We support automatic voter registration, restoration of the Voting Rights Act preclearance regime, independent redistricting commissions in every state, and meaningful disclosure of political spending.

Pillars

Where we plant our flag

Voting access

Automatic and same-day registration. Multi-day, multi-mode voting. End purges that disenfranchise eligible voters in the name of list maintenance.

Fair maps

Independent commissions, not legislators, draw districts. Federal standards on partisan and racial gerrymandering with a real enforcement mechanism.

Money in politics

Donor disclosure for all federal political spending, including 501(c)(4) dark money. End super PAC coordination. Public matching funds for small donors.

Election administration

Federal standards for ballot security, post-election audits, and election worker protections. Adequate funding so administrators can do the job.

Counter election subversion

Clear rules for certification, finality of vote totals, and consequences for officials who refuse to certify lawful results.

Facts on file

What's actually true

  • Since the Supreme Court gutted Voting Rights Act preclearance in 2013, dozens of states have enacted voting restrictions that would previously have required federal review.
  • More than 90% of US House districts are now considered uncompetitive in general elections — most general-election races are decided in primaries.
  • Roughly half of all federal political spending now flows through entities that disclose little or nothing about their donors.
  • Voter purges have removed millions of registrations in the past decade; some are reasonable list maintenance, others have disproportionately removed eligible voters.
  • Roughly half of US states had attempted to ban or significantly restrict mail-in voting through ballot measures or legislation in the years following the 2020 election.
  • Election officials have reported sharply increased threats and harassment since 2020, contributing to high turnover in administrative positions.

In context

Read the issue

Democracy is not a self-sustaining condition. It is a set of practices, rules, and institutions that erode without maintenance. The question is not whether the United States is currently democratic in some abstract sense — it is whether the basic mechanisms of consent (a vote that counts, a district that is fairly drawn, a campaign whose funders are known, an election that is administered and certified honestly) are functioning. On all of these, the trend has been the wrong direction since at least 2010. The trend is reversible.

The five sub-topics below — voting access, fair maps, money in politics, election administration, and counter election subversion — are the load-bearing fights. The first determines who gets to participate. The second determines whether their participation translates into representation. The third determines whose voices get amplified above the rest. The fourth determines whether the operational infrastructure of elections is funded and protected. The fifth determines whether the results, once counted, are honored.

What unites them is a recognition that democratic institutions are conventions, not laws of nature. They are sustained by the willingness of the people inside them to follow rules that don’t, in the moment, advantage them. When that willingness erodes — through cynicism, through partisan capture, through the accumulation of small departures from norms — the institutions erode with it. The work of democratic reform is the work of rebuilding those rules and norms, slowly, in the open, against opposition that benefits from their absence.

Sub-topics

The conversation, broken down

Voting access

The mechanics that determine whether an eligible voter can vote.

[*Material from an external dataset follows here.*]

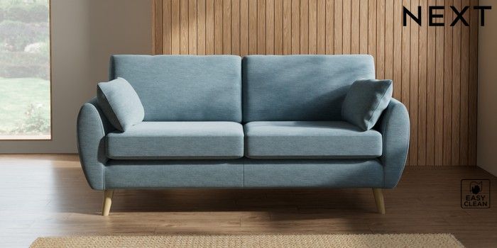 7.3.1 Buy Wilson 3 Seater Small Sofa Fine Chenille Easy Clean Mid Blue Retro Tapered - Light from the Seasons online shop Click here to use our website with more accessibility support, for example screen readers
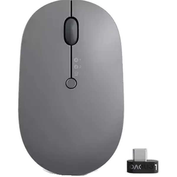 Designed to be the only mouse you need, the Lenovo Go Wireless Multi-Device Mouse can be paired with up to 3 devices and effortlessly cycle between them with a push of a button. Beyond its multi-tasking capabilities, this productivity powerhouse can be used on nearly any surface and rarely runs out of battery, thanks to its blue optical sensor and wireless Qi or wired USB-C fast-chargeable battery. - Compact ambidextrous design- Blue optical sensor, tracks on most surfaces- Silent left/right keys with 2-way scroll wheel (up / down)- 800 - 1600- 2400 on-the-fly adjustable DPI- Wireless and connects to up to 3 devices: 1 x USB-C dongle, 2 x Bluetooth 5.0- Supports Lenovo Unified Pairing Receiver- Supports Bluetooth Switf Pair- Quick switch button to jump control across devices- Rechargeable, 2 - 3 months use, 1.5 - 2 hours to fully charge (may vary based on usage)- Charges wirelessly through Qi or by USB-C (cable provided)- Programmable "Utility Button" on the side- Default functions optimized for Teams calls The one true mouse Designed to be the only mouse you'll ever need, the Lenovo Go Wireless Multi-Device Mouse can be paired with up to three devices and effortlessly cycle between them with the push of a button. Beyond its multitasking capabilities, this productivity-powerhouse can be used on nearly any surface and rarely runs out of battery, thanks to its blue optical sensor and wireless Qi or wired USB-C fast-charging battery. The pinnacle of versatility The Lenovo Go Wireless Multi-Device Mouse supports pairing up to three devices using USB-C and Swift Pair-supported Bluetooth® with a quick-switch button. The pinnacle of versatility blade. ** and Swift Pair-supported Bluetooth with quick-switch button. Beyond 3-device pairing, you'll also enjoy the ability to use a Lenovo unified pairing receiver to connect other devices with one dongle. Plus, its blue optical sensor ensures you experience maximum precision on almost every surface. Multitask from multiple locations Crafted as an all-in-one solution, this mouse features an on-the-fly adjustable DPI sensitivity and a programmable utility button with shortcuts configured for Microsoft Teams meetings by default-plus, it's portable enough to take with you anywhere. Charge ahead With a fast-charging battery that provides up to three months* of use on a single 1.5-hour* charge and supports both wired USB-C and wireless Qi charging, the Lenovo Go Wireless Multi-Device Mouse is hard to beat.

Voting access is the most measurable of the democracy questions. The empirical record is clear: voter ID requirements, registration deadlines, polling place closures, voter purges, restrictions on mail and early voting, and limitations on assistance for voters with disabilities all reduce turnout in measurable ways, and the reductions concentrate among voters who are younger, lower-income, less white, or otherwise more difficult to mobilize. The reform agenda is specific. Automatic voter registration, where eligible citizens are registered when they interact with state agencies (DMV, public benefits, etc.) unless they opt out. Same-day registration, allowing eligible voters to register at the polling place on Election Day. Multi-day, multi-mode voting that doesn't force everyone into a single Tuesday. Restoration of the Voting Rights Act preclearance regime, which until 2013 required jurisdictions with a history of discrimination to clear changes in voting law with the Justice Department. The John R. Lewis Voting Rights Advancement Act would do this. None of it is novel. Most of it is the standard practice of other advanced democracies.

Fair maps

Why independent redistricting is a structural reform, not a partisan one.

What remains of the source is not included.